TO DO |
Pictures aside, repeat the listing below exactly.

GIVEN DATA |
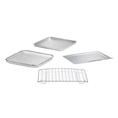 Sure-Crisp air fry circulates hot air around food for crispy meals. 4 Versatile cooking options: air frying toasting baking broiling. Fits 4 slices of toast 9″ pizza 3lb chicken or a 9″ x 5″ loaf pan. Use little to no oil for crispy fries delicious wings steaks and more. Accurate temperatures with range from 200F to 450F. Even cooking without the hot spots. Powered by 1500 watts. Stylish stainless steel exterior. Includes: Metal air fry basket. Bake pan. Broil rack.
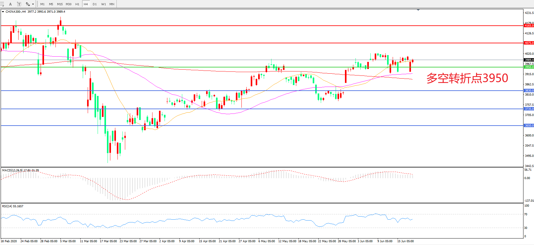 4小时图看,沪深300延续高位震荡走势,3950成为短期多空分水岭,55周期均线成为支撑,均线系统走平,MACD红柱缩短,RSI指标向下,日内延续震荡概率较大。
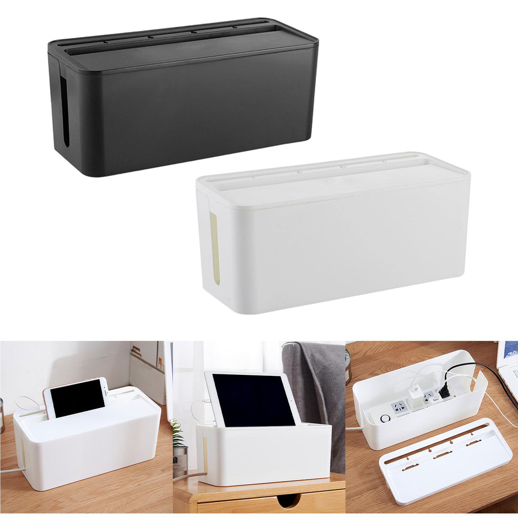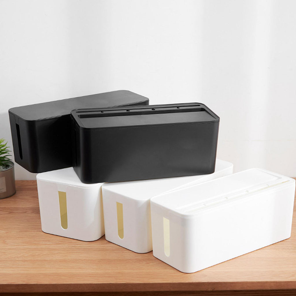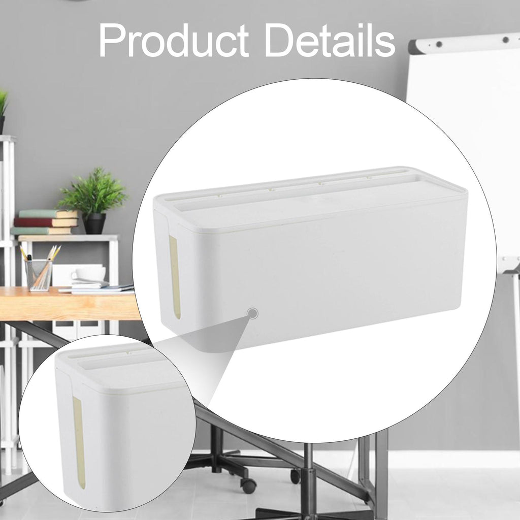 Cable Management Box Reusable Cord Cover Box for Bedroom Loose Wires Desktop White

RESULT OF THIS EXERCISE |
 Sure-Crisp air fry circulates hot air around food for crispy meals. 4 Versatile cooking options: air frying toasting baking broiling. Fits 4 slices of toast 9″ pizza 3lb chicken or a 9″ x 5″ loaf pan. Use little to no oil for crispy fries delicious wings steaks and more. Accurate temperatures with range from 200F to 450F. Even cooking without the hot spots. Powered by 1500 watts. Stylish stainless steel exterior. Includes: Metal air fry basket. Bake pan. Broil rack.
 4小时图看,沪深300延续高位震荡走势,3950成为短期多空分水岭,55周期均线成为支撑,均线系统走平,MACD红柱缩短,RSI指标向下,日内延续震荡概率较大。
 Cable Management Box Reusable Cord Cover Box for Bedroom Loose Wires Desktop White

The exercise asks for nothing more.